**Exercise details**
Reproduce the lines of the material exactly, excluding every image.

------ Given information

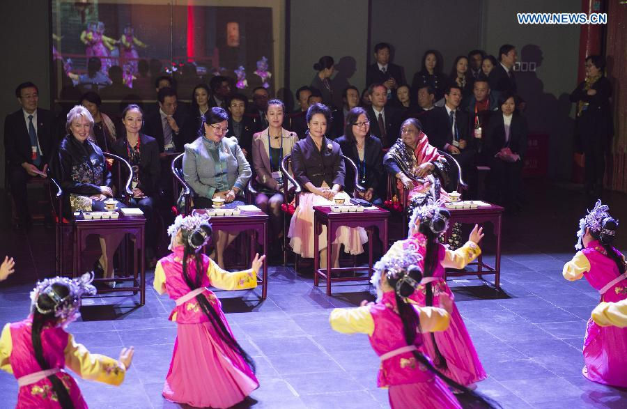 Chinese President Xi Jinping's wife Peng Liyuan and guests watch Peking Opera show at the Capital Museum in Beijing, capital of China, Nov. 9, 2014. Peng invited wives of Bangladesh President Abdul Hamid, Mongolian President Tsakhiagiin Elbegdorj and Shanghai Cooperation Organization Secretary-General Dmitry Mezentsev to the Capital Museum on Sunday. (Xinhua/Huang Jingwen)
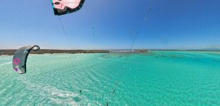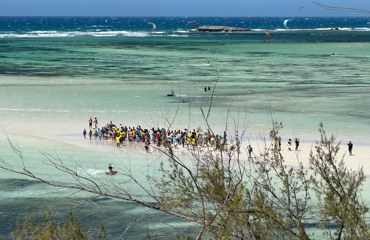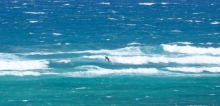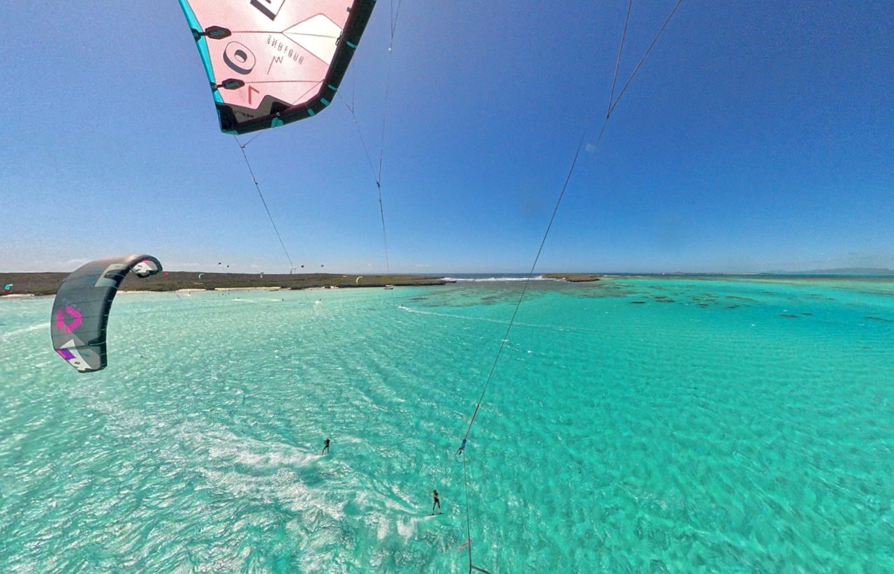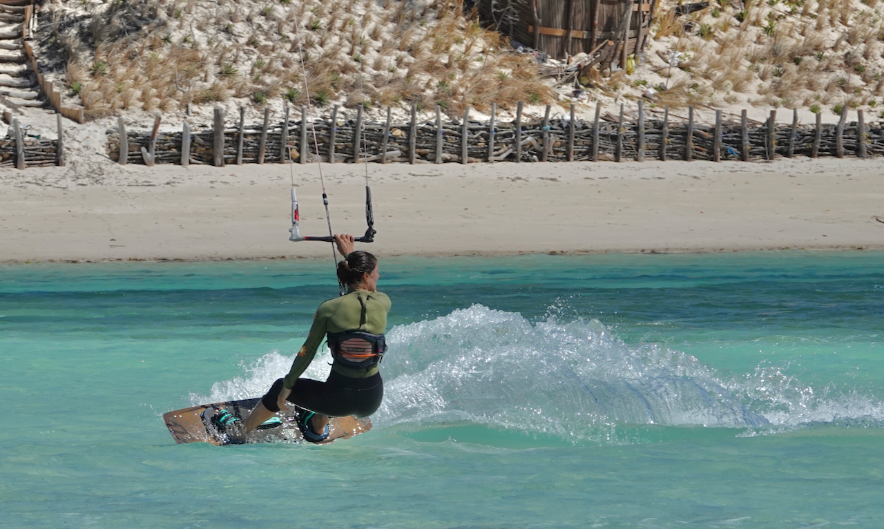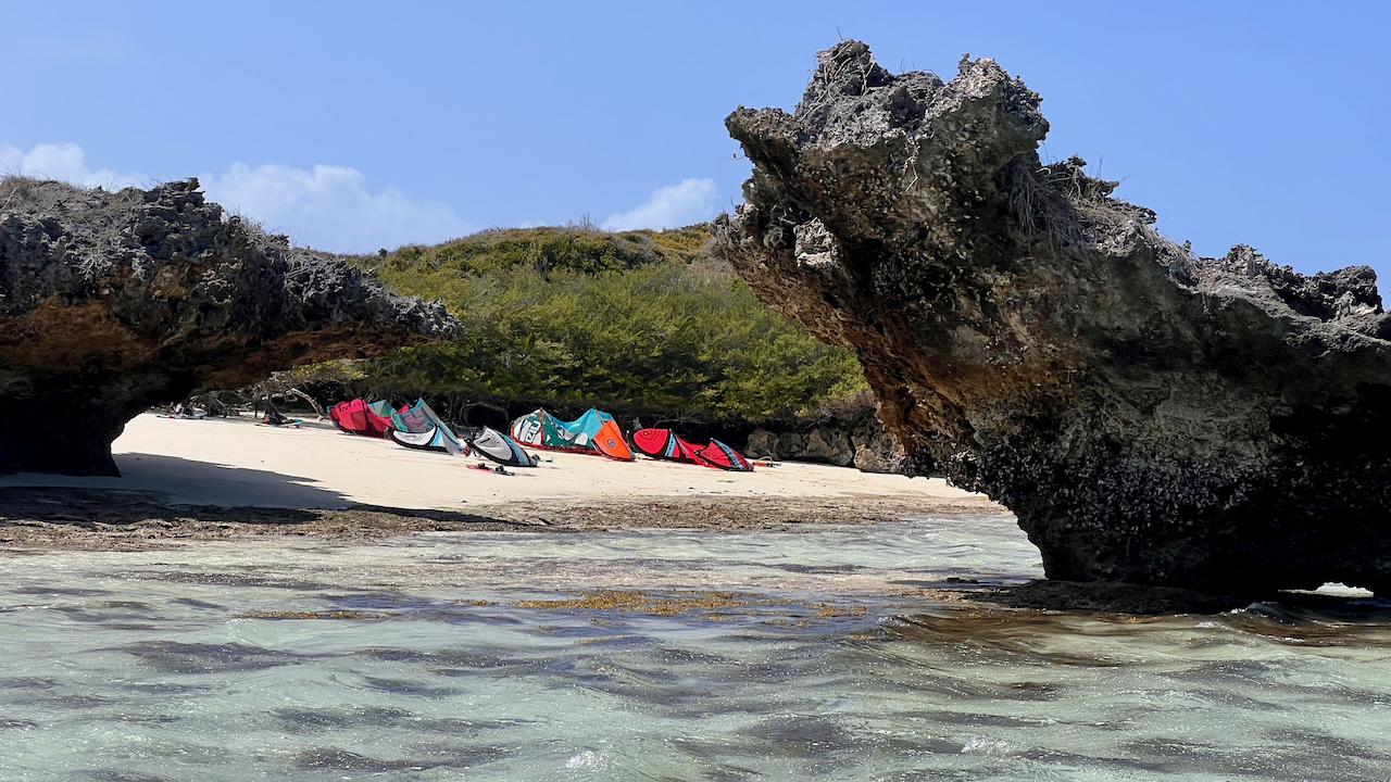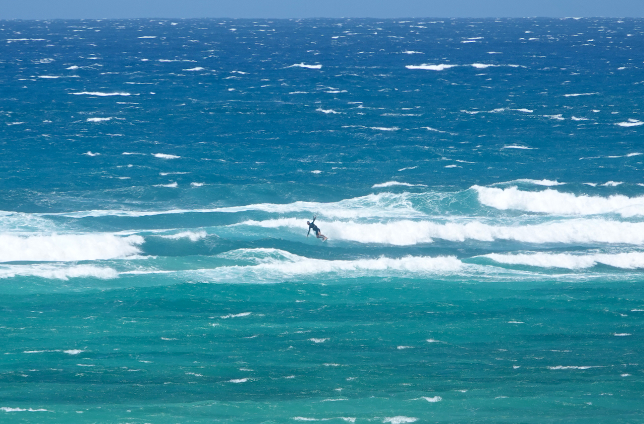 Das Kiten war, abhängig vom Wasserstand und den Windbedingungen, vielfältig, jedoch immer bei viiieeel Wind. Unglaubliches Kabbelwasser (bei Flut), wechselte mit spiegelglattem Wasser hinter der Sandbank (bei Ebbe). Die Welle lief am besten bei auflaufendem Wasser vor dem Höchststand, sobald das Riff nicht mehr zu knapp unter der Wasseroberfläche war. Bald hatten wir uns auch an die 5 m2 Schirme, die wir fast ausschließlich flogen, gewöhnt.
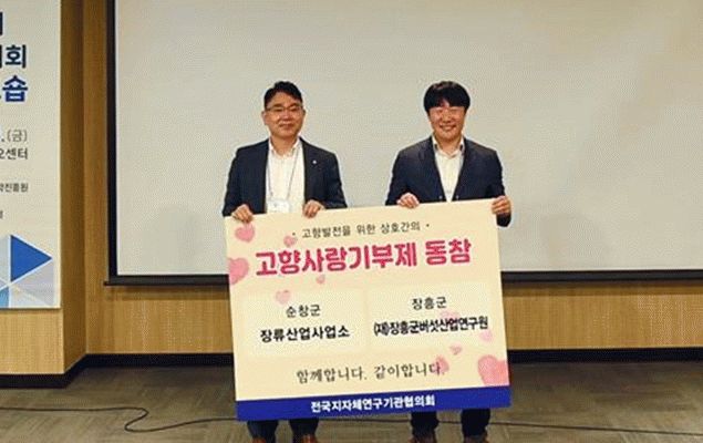 ±è¼º ÀåÈﱺ¼ö´Â ¡°ÁöÀÚüÀÇ Æ¯»ê¹° ¿¬±¸¸¦ À§ÇØ Èû¾²°í ÀÖ´Â µÎ ±â°üÀÌ ¶æÀ» ¸ð¾Æ °íÇâ»ç¶û±âºÎ¿¡ µ¿ÂüÇØ Áּż °¨»çµå¸°´Ù¡±¸ç ¡°ÁöÀÚü¿¬±¸±â°ü ÇùÀÇȸ¸¦ ÅëÇÏ¿© Áö¼ÓÀûÀ¸·Î ±³·ùÇØ Ư»ê¹° ¿¬±¸ÀÇ ½Ã³ÊÁö È¿°ú¸¦ ³¾ ¼ö ÀÖ±æ ¹Ù¶õ´Ù¡±°í ¸»Çß´Ù.

------------

**Exercise response**
 Chinese President Xi Jinping's wife Peng Liyuan and guests watch Peking Opera show at the Capital Museum in Beijing, capital of China, Nov. 9, 2014. Peng invited wives of Bangladesh President Abdul Hamid, Mongolian President Tsakhiagiin Elbegdorj and Shanghai Cooperation Organization Secretary-General Dmitry Mezentsev to the Capital Museum on Sunday. (Xinhua/Huang Jingwen)
 Das Kiten war, abhängig vom Wasserstand und den Windbedingungen, vielfältig, jedoch immer bei viiieeel Wind. Unglaubliches Kabbelwasser (bei Flut), wechselte mit spiegelglattem Wasser hinter der Sandbank (bei Ebbe). Die Welle lief am besten bei auflaufendem Wasser vor dem Höchststand, sobald das Riff nicht mehr zu knapp unter der Wasseroberfläche war. Bald hatten wir uns auch an die 5 m2 Schirme, die wir fast ausschließlich flogen, gewöhnt.
 ±è¼º ÀåÈﱺ¼ö´Â ¡°ÁöÀÚüÀÇ Æ¯»ê¹° ¿¬±¸¸¦ À§ÇØ Èû¾²°í ÀÖ´Â µÎ ±â°üÀÌ ¶æÀ» ¸ð¾Æ °íÇâ»ç¶û±âºÎ¿¡ µ¿ÂüÇØ Áּż °¨»çµå¸°´Ù¡±¸ç ¡°ÁöÀÚü¿¬±¸±â°ü ÇùÀÇȸ¸¦ ÅëÇÏ¿© Áö¼ÓÀûÀ¸·Î ±³·ùÇØ Ư»ê¹° ¿¬±¸ÀÇ ½Ã³ÊÁö È¿°ú¸¦ ³¾ ¼ö ÀÖ±æ ¹Ù¶õ´Ù¡±°í ¸»Çß´Ù.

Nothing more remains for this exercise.